Lot Clung to Abraham, Sarah Laughed, and Esau's Cry Reached Shushan
Lot followed without being called. Sarah's laughter remade the barren world. Esau sobbed one bitter cry the rabbis said surfaced as Haman's decree in Shushan.
Table of Contents
The man who went without being asked
The call of Genesis 12 was addressed to one person. God told Abram to go from his land, from his birthplace, from his father's house to a land that would be shown to him. The text says Abram went as the Lord had spoken to him, and Lot went with him. One verse. Two travelers. The rabbis stopped on the second name.
Why was Lot on this journey? He had not received the call. He had no divine instruction. No promise had been made to him. Bereshit Rabbah read the phrase and Lot went with him as a confession of motive. Lot was not a partner. He was a passenger. He had watched Abraham closely enough to understand that Abraham was the one with the promise, and he intended to be present when the promise opened. He was optimizing for proximity to blessing, not for blessing itself.
The rabbis found this both understandable and cautionary. They were not entirely critical. Lot's attachment to Abraham would eventually bring him close enough to be rescued from Sodom. His connection to Abraham would make him the ancestor of Ruth, and through Ruth, the ancestor of David and of the messianic line. The clinging produced something. But Lot clung from calculation, not from conviction. He was following a man who had something he wanted, and the rabbis marked the difference between that and the reason Abraham walked.

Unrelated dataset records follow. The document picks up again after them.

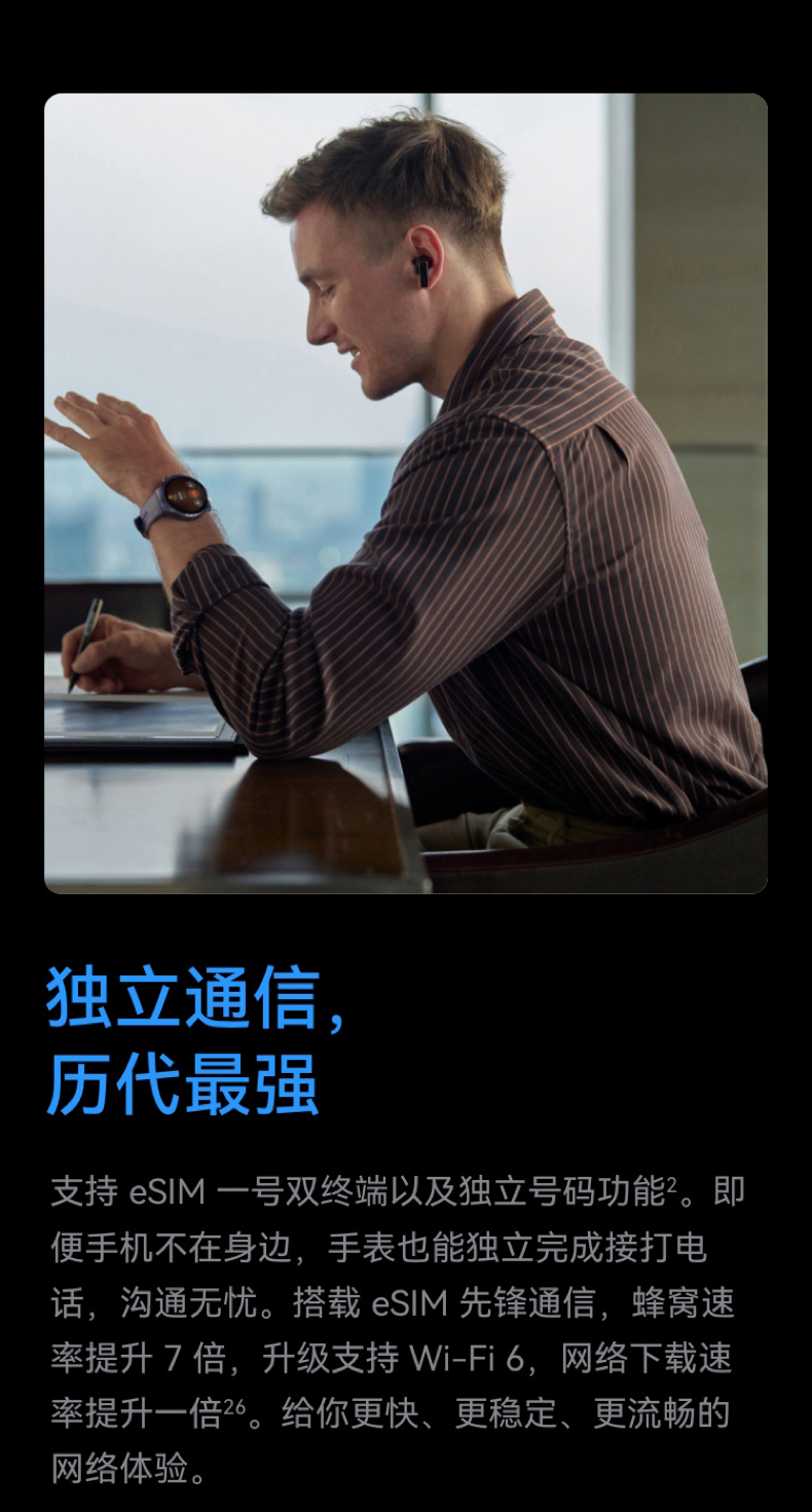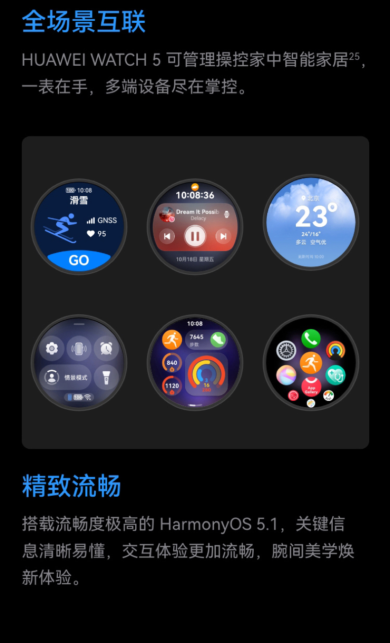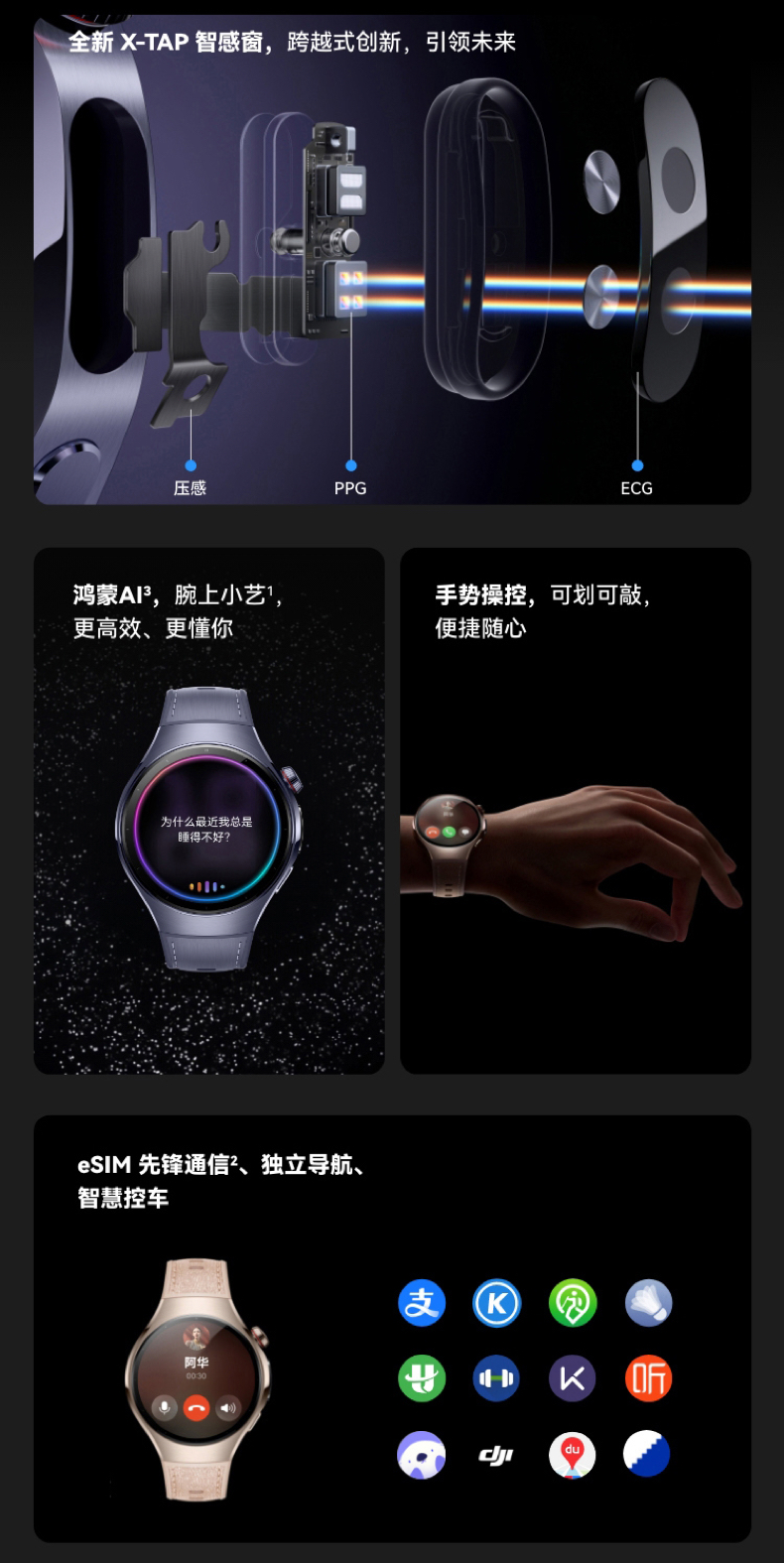 (特)HUAWEI WATCH 5 42mm基础款深锖色不锈钢表壳幻月黑氟橡胶表带首创X-TAP智感窗eSIM通信手表华为智能手表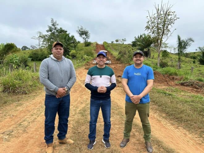 O prefeito esteve acompanhado do presidente da Câmara, vereador Wendell Marques, e do vereador Gilson Boiadeiro, além de moradores da comunidade que acompanharam de perto os serviços. Foto: cedida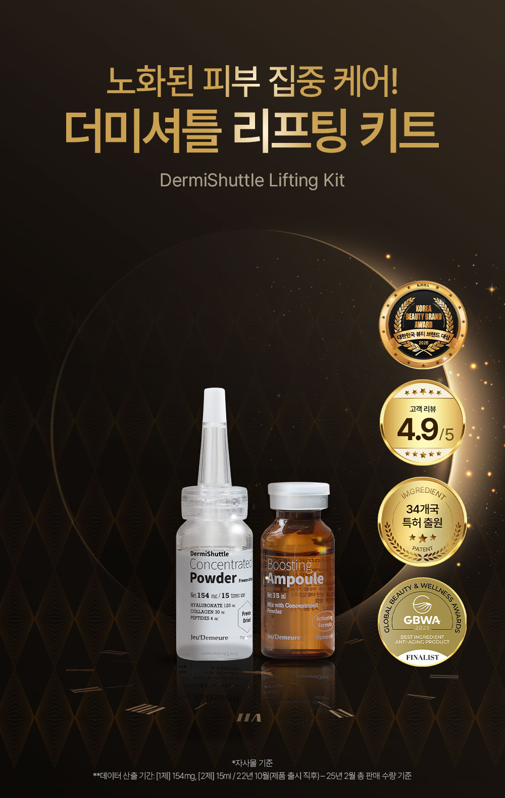 [용량 및 중량] | 동결건조 농축파우더(1제) 154mg *4 / 부스팅 앰플(2제) 15ml *4 |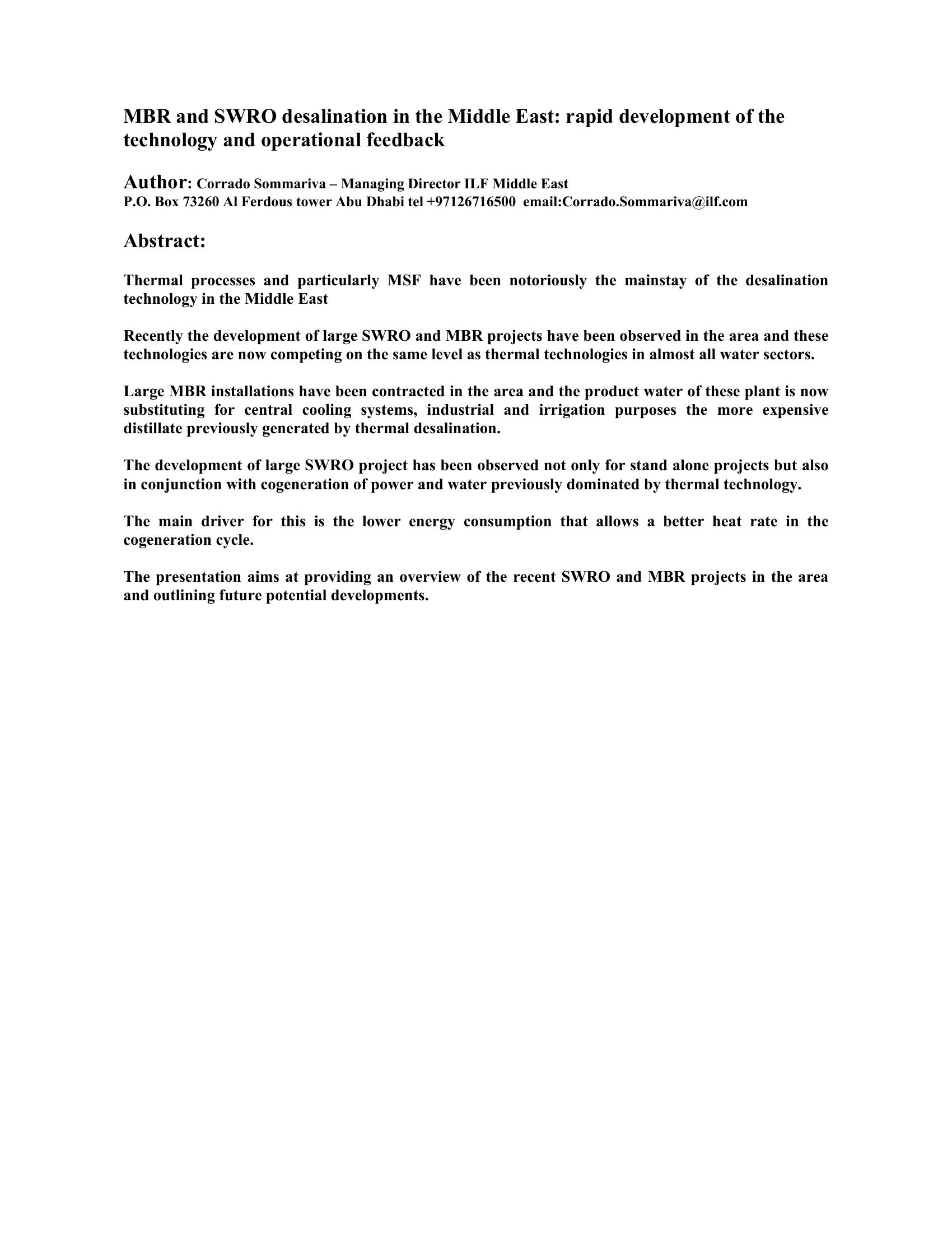 This paper talks about how large SWRO and MBR projects are now competing on the same level as thermal technologies in the Middle East. Large MBR installations have been contracted in the area and the product water of these plant is now substituting for central cooling systems, industrial and irrigation purposes the more expensive distillate previously generated by thermal desalination. The development of large SWRO project has been observed not only for stand alone projects but also in conjunction with cogeneration of power and water previously dominated by thermal technology. The main driver for this is the lower energy consumption that allows a better heat rate in the cogeneration cycle.

Sarah's laughter and the world it rebuilt
When Sarah heard the angels' announcement that she would have a son, she laughed. The Torah records the laugh and records the divine response to it. "Did you laugh?" Sarah denied it, saying she had not laughed. God said she had.
The rabbis read that exchange as more than a small scene about honesty. They heard Sarah's laughter as a laugh of disbelief that transformed into something else when the event it had dismissed actually occurred. When Isaac was born, Sarah said, "God has made me a laughter." The Hebrew word is tzchok, which can mean laughter or Isaac, the child whose name is laughter.
Bereshit Rabbah extended the laugh across the world. Every barren woman who had given up hope heard the news and was moved. Every sick person felt something shift. The day Sarah gave birth at ninety, laughing, was a day the impossible had visibly failed to stay impossible, and that failure was contagious. The rabbis described the joy as radiating outward beyond Sarah's tent, past the immediate celebration, into the larger world of people who had reason to consider whether the limits they had assumed were fixed were actually fixed.
The laugh that had begun as disbelief became the seed of a different possibility for anyone who was waiting for something they had already stopped expecting.
Esau's cry and the decree at Shushan
When Jacob came to Isaac wearing Esau's clothing and carrying a meal of goat meat, Isaac gave him the blessing intended for the firstborn. When Esau returned from the hunt and the deception was discovered, the text records Esau's response in terms that are almost unbearable to read. He cried out with a very great and bitter cry and said, "bless me too, my father."
Bereshit Rabbah traced what that cry produced. A cry of that quality, the rabbis said, does not disappear. It moves through time and arrives somewhere. Esau's one bitter cry, the great and bitter cry of a man who understood in that moment exactly what had been taken from him and that he could not get it back, traveled forward through the centuries and surfaced in Persia.
When Haman received Ahasuerus's permission to destroy the Jews of the empire and the decree went out to all the provinces, Mordecai tore his garments and cried out with a loud and bitter cry. The Hebrew used for his cry in Esther 4:1 echoes the Hebrew used for Esau's cry in Genesis 27:34. The rabbis heard the same register of sound in both places. Esau's cry had been owed a response. Haman's decree, they said, was that response arriving at last.
The cry answered in Esther's hall
But the story did not end at the decree. Esther went to the king. The decree was reversed. The same cry that had traveled forward as Haman's persecution arrived and then was answered. The rabbis were not celebrating the symmetry. They were tracing how nothing in the patriarchal narratives was sealed off from the later story. Lot clung to Abraham and the attachment reached Ruth. Sarah laughed at the impossible and the laughter remade what was possible. Esau sobbed one bitter cry and the echo found Shushan.